Tableau is a very powerful data visualization tool. The more I use it, though, the weirder it is to me from a UI standpoint.  I find it both easier and harder to use that it’s nearest competitor, Microsoft Power BI.
I coded and tested an update to one of my iOS apps tonight. It has been too long since I touched Xcode. I have been working more evening hours this year than ever before—mainly because I am on dad duty during daytime hours—and don’t get to work on my hobbies as much as I used to.
My son lost his first tooth today! It happened while he was at school, eating an apple. His teacher wrapped it up for us and sent it home with a note.
iOS 16 is very nice! I am enjoying the new Lock Screens and how they tie to the system Focus feature.
My idea to eat healthier on my vacation was poorly conceived. 😅
Whitefield, New Hampshire, band concert. My father-in-law is playing a song he arranged and my kids are dancing and running around the town green.
It is my family’s annual drive off to vacation day. We are all excited.

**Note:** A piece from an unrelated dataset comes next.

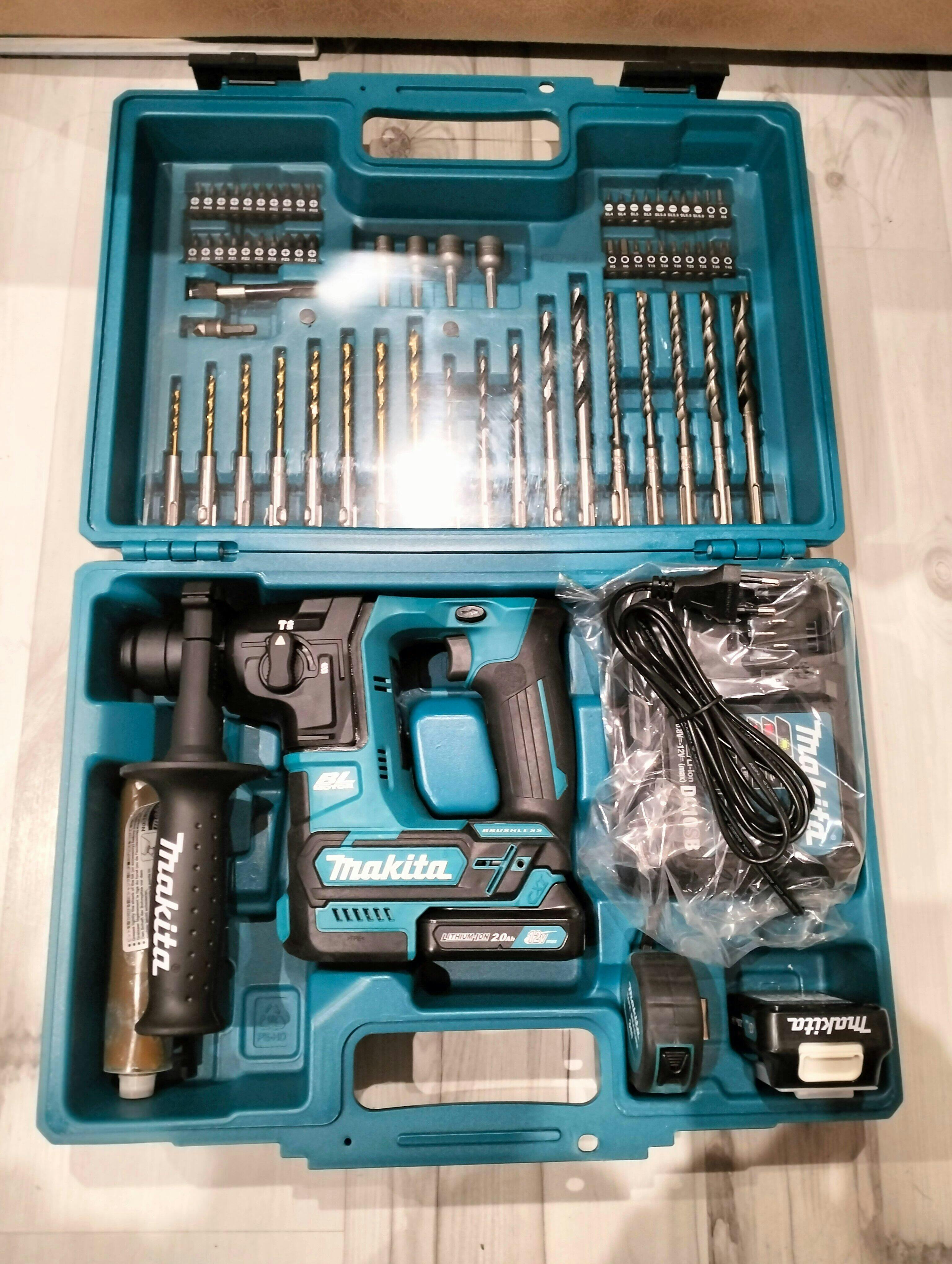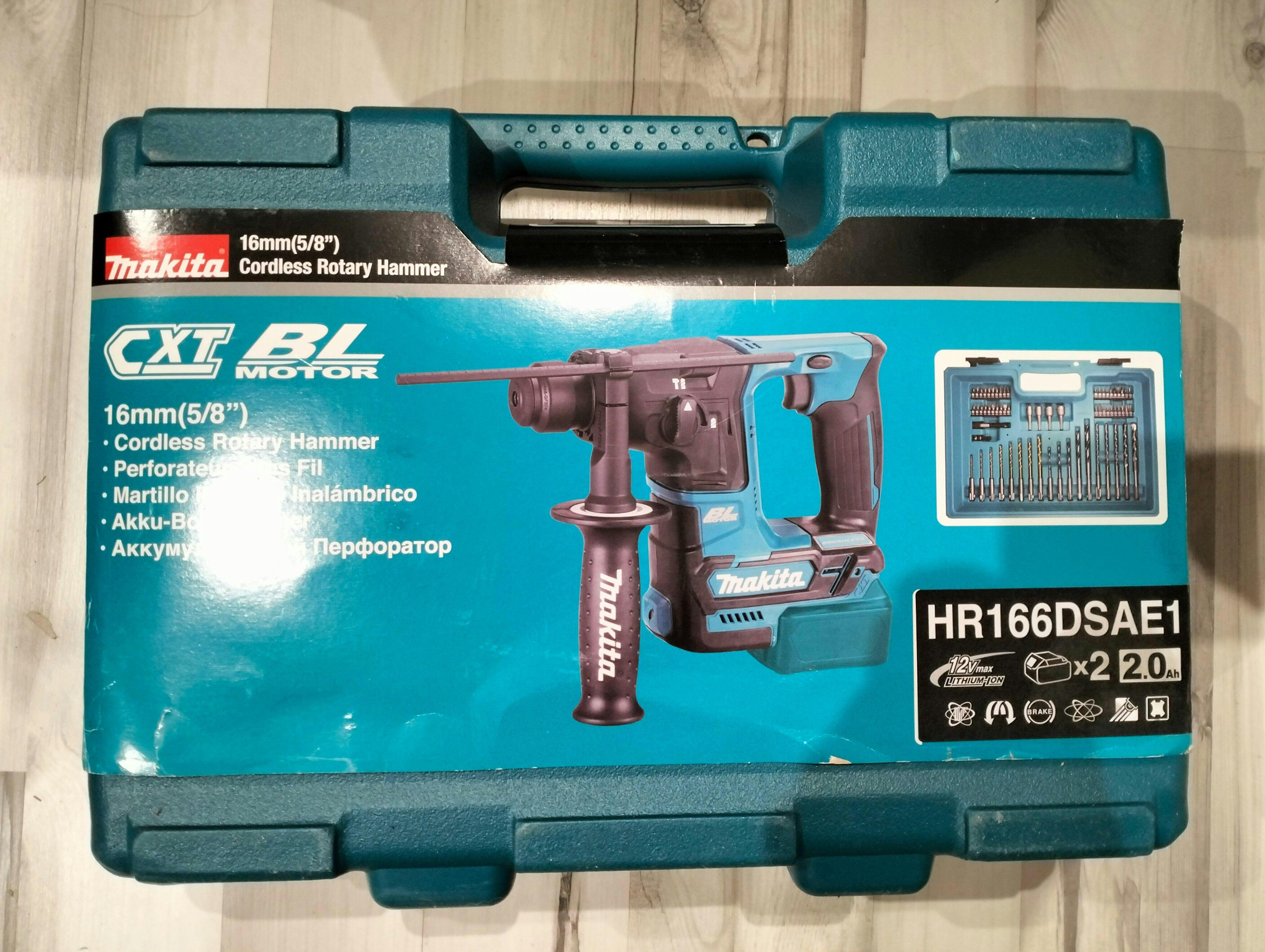 Batteria per martello leggero Makita HR166DSAE1. Il potente motore BL garantisce maggiore efficienza e prestazioni, riducendo l'attrito e il riscaldamento del motore. Corpo diviso in due parti che riduce notevolmente le vibrazioni.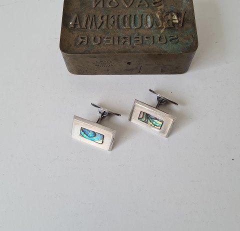 Pair of cufflinks in sterling silver adorned with abelone made by Willy H. Jacob Kromar

I will be driving pretty much all day.
I am supposed to be packing my tech gear for my vacation, so of course I am updating all my Linux boxes and freeing up space on my file server instead.
Yesterday I wiped my old iPad, which was running iPadOS 16 developer beta 3, and reinstalled iOS 15.6. Of course, an hour after I did so, a new developer beta was released that may have fixed the Music app crashing bugs that were vexing me.
🎵 Today’s listen: Gold by Sister Sparrow. Apple Music labels it an “Alternative” album, but it is blue-eyed soul all the way. My favorite track is “Can’t Get You Out of My Mind”; it’s fierce and fun.
My writing as a child:
Why use a small word when a big word will do?
My writing as an adult:
Why use a big word when a small word will do?
🎵 Today’s listen: firstborn by Nicolle Gaylon. It is a veteran country songwriter’s first album. It is full of autobiographical songs which are, interestingly, chronologically ordered from birth to death.
The Music app on the most recent iPadOS 16 developer’s beta crashes a lot. I regret installing the beta for this reason, but it was on a device I could live without, and I did need to test one of my apps.
I don’t need a better notes app. I need to take better notes.
I want to install Linux on an old PC that I have. After looking at all sorts of reviews and videos showing the various desktops and distros I could try, I came to the conclusion that boring old standard Ubuntu would probably suit me best.